The University of Texas MD Anderson Cancer Center UTHealth Graduate School of Biomedical Sciences Dissertations and Theses (Open Access)
Author ORCID Identifier
Date of Graduation
Doctor of Philosophy (PhD)
Kenneth Y. Tsai
Cell cycle checkpoints determine whether cells meet requirements to progress through the next stage. In response to DNA damage, how cells activate checkpoints have been well studied, but little is known about checkpoint deactivation (recovery), which directly impacts on cell fate. In tumor cells, the signaling network has been rewired due to epigenetic and genetic alterations, which result in resistance to the cell cycle control, and thus resistance to chemotherapy or radiation therapy. Therefore, it is critical to identify molecules required for checkpoint recovery or adaptation after DNA damage.

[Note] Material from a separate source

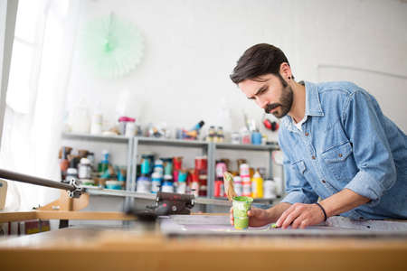Male printer applying green ink to silkscreen in printing press studio

To achieve this goal, we performed a multidisciplinary study combining reverse phase protein array (RPPA) data, molecular biology and mathematical modeling to systematically identify molecules required for DNA damage checkpoint recovery. The mTOR complex 1 (mTORC1) plays an essential role to regulate mitotic entry after irradiation. Inhibition of the mTOR pathway delayed G2/M checkpoint recovery, while TSC2-null cells with hyperactivity of mTORC1 exhibited the opposite results. Furthermore, our mechanistic study revealed that mTOR signaling pathway controls a transcriptional program of mitotic entry through regulating histone lysine demethylase KDM4B, which is required for the epigenetic regulation of key mitosis-related genes including CCNB1 and PLK1.

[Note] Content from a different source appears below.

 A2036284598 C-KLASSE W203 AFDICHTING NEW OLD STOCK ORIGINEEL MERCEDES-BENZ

Given accelerated G2/M checkpoint recovery in TSC2-null cells with mTORC1 hyperactivity, we postulated that further abrogation of the G2/M checkpoint may facilitate mitotic catastrophe and selectively kill cells. As we expected, TSC2-null cells were more sensitive to the WEE1 inhibitor, a negative regulator of mitotic entry, compared to wild-type cells.
In summary, we reported a novel mechanism of the mTORC1 signaling in regulating a transcriptional program required for G2/M checkpoint recovery after DNA damage. This mechanism provided a therapeutic strategy for TSC patients with mTORC1 hyperactivity using the WEE1 inhibitor, which has a potential to be translated into clinical trials.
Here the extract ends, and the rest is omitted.